Immunolabeling of vertical retinal sections from WT and GCAPs−/−GCAP2+ mice with rabbit polyclonal antibody anti-GCAP1 and a monoclonal antibody against Ribeye/CtBP2. GCAP1 is found at the outer segment (os) inner segment (is) and outer plexiform layer (opl) of the retina, where it colocalizes with Ribeye at synaptic ribbons (white arrows). GCAP1 antibody immunolabeling signal was absent in GCAPs−/−GCAP2+ sections when identical laser power and acquisition gain parameters were used at the confocal microscope, excluding that the signal originates from cross-reactivity of anti-GCAP1 antibody with GCAP2 at this working dilution.

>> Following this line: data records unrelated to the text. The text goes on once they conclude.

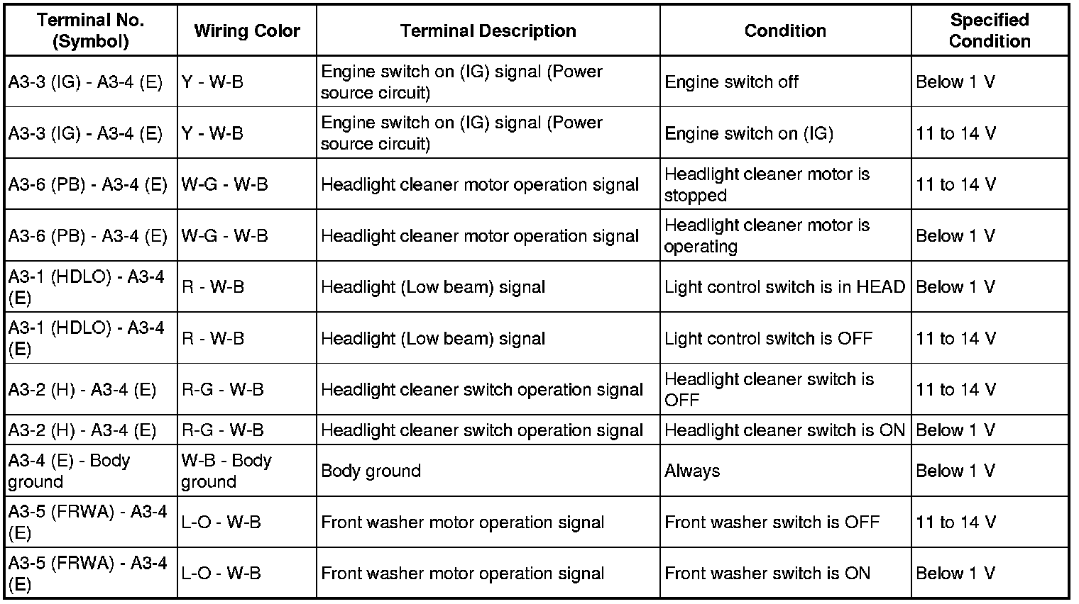 5. CHECK HEADLIGHT CLEANER CONTROL RELAY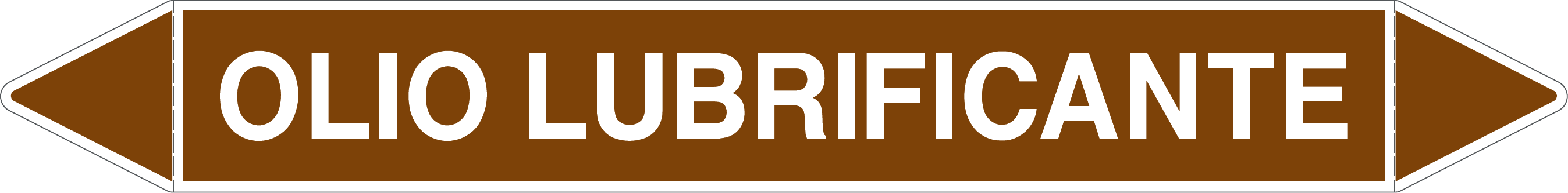 Etichetta autoadesiva per tubazioni realizzata esclusivamente in stampa digitale su PVC con film protettivo anti UV. Colore marrone con dicitura bianca.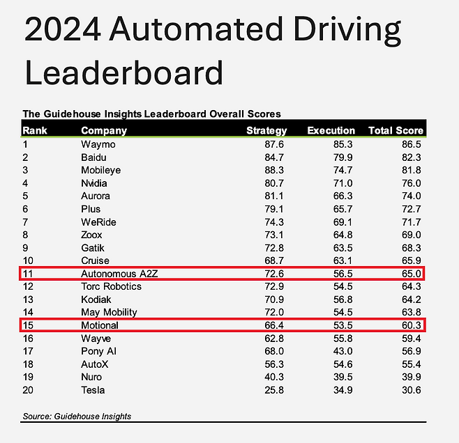 가이드하우스는 매년 자율주행 기술 개발 기업들을 평가하며 순위를 발표한다. 구글의 자율주행 관계사인 '웨이모'는 올해 리더보드에서 1위를 차지하며, 3년 만에 '왕좌'를 탈환했다. 이어 중국의 빅테크 '바이두', 이스라엘 자율주행 테크기업 '모빌아이', 세계 최대 인공지능(AI) 반도체 기업 '엔비디아' 등이 상위권에 이름을 올렸다.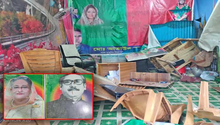 সিংগাইরে আ.লীগ অফিস ও প্রধানমন্ত্রীর ছবি ভাংচুর, মামলা হলেও গ্রেফতার নেই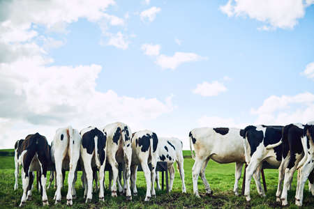 Home on the range. Rearview shot of a herd of cattle grazing on a dairy farm.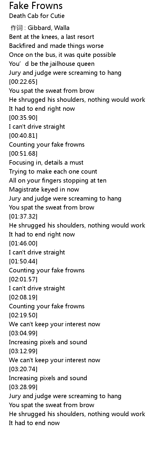| [00:00.00] | 作词 : Gibbard, Walla |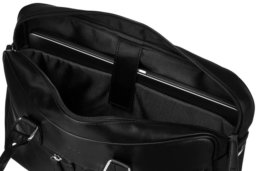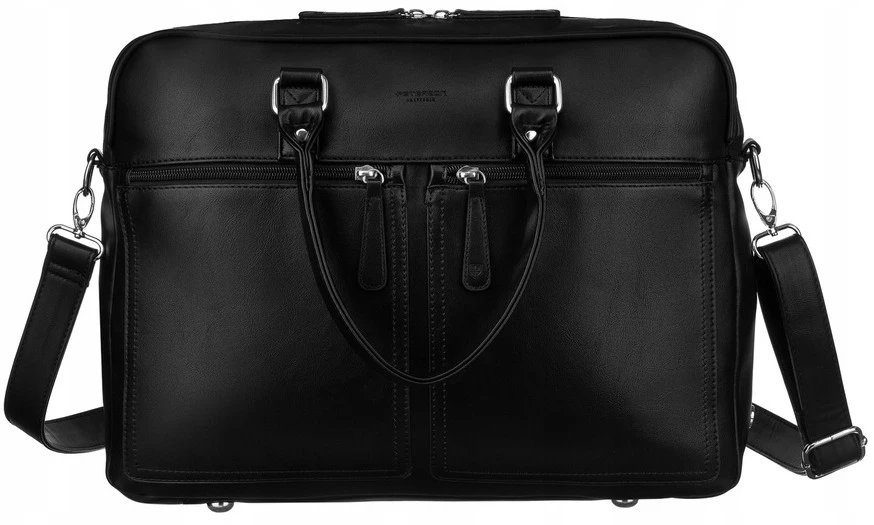 Torba na laptopa do 14 cali Peterson czarna ze skóry ekologicznej – uchwyt i pasek regulowany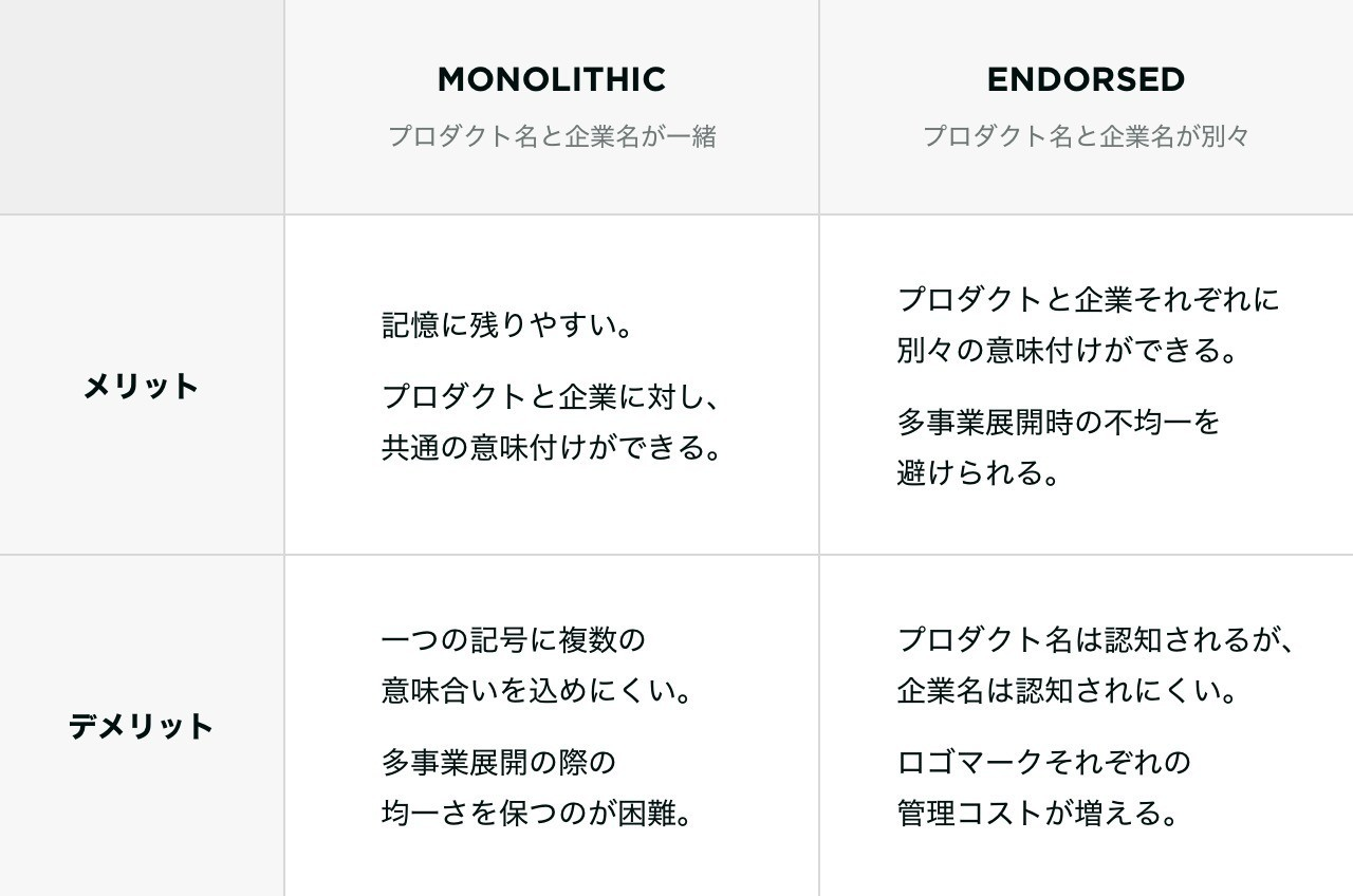 - 多事業展開する際、一つだけ企業名の事業が存在することになる。均一さを保つにはどちらかを変える必要が出てくる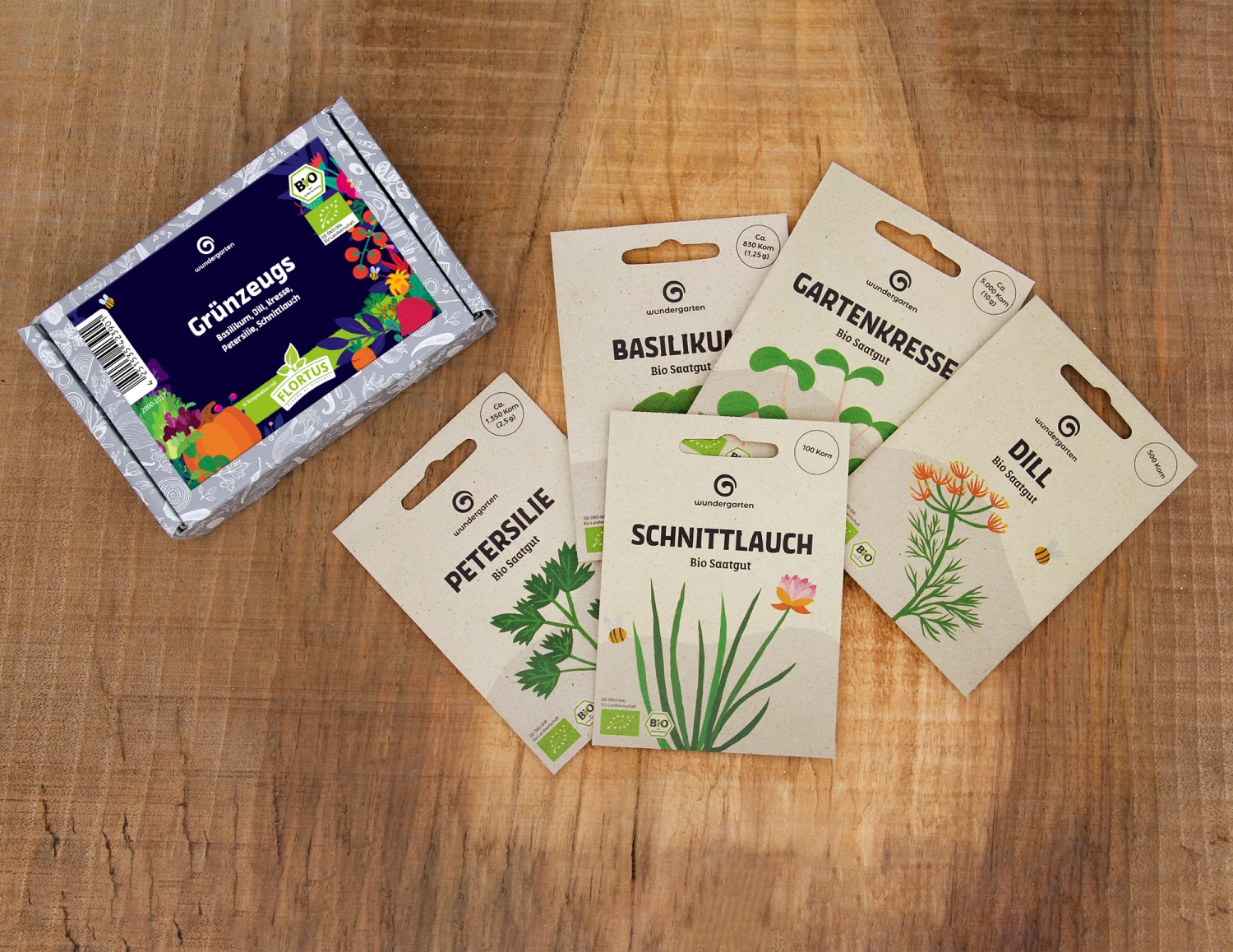 Das Grünzeugs Set bringt fünf tolle Kräuter mit, die in der Küche immer benötigt werden. Schnittlauch und Petersilie, Dill, Kresse und Basilikum lassen sich in vielen Salaten und gekochten Gerichten verwenden. Aber auch frisch aufs Butterbrot oder auf rohes Gemüse sind die Kräuter ein Genuss. Alle fünf Kräuter können Sie im Garten oder im Pflanztopf auf Terrasse und Balkon ziehen. Sogar auf dem Küchenfenster wachsen die Kräuter und sind so den ganzen Winter über verfügbar. Die Kräuter aus dem Grünzeugs Set lassen sich leicht anziehen.

Figure 9. Comparison of electroretinogram responses from WT, GCAP2+, GCAPs−/− and GCAPs−/−GCAP2+ mice that were either raised in constant darkness or in 12

h:12 h dark:light standard cyclic light. Left panel, superimposed representative responses of WT (red), GCAPs−/− (blue) and GCAPs−/−GCAP2+ (black) mice at p40 that were reared in constant darkness, in the scotopic and photopic range. The a-wave amplitude is severely reduced in GCAPs−/−GCAP2+ mice (black trace) compared to wildtype and GCAPs−/− traces in the scotopic range. This difference is absent in the photopic range, since the transgene is only expressed in rods. Central panel, superimposed representative responses of the same phenotypes, but raised in 12h:12h dark:light standard cyclic light and dark-adapted previous to the experiment. ERG responses from GCAPs−/−GCAP2+ mice were similar to GCAPs−/− and wildtype responses. Right panel, superimposed traces of cyclic light reared wildtype and GCAP2+ mice at p40. There were no statistically significant differences in the a-wave and b-wave amplitudes of these responses, whether the mice were raised in constant darkness or in 12h:12h dark:light standard cyclic light (cyclic reared mice results shown).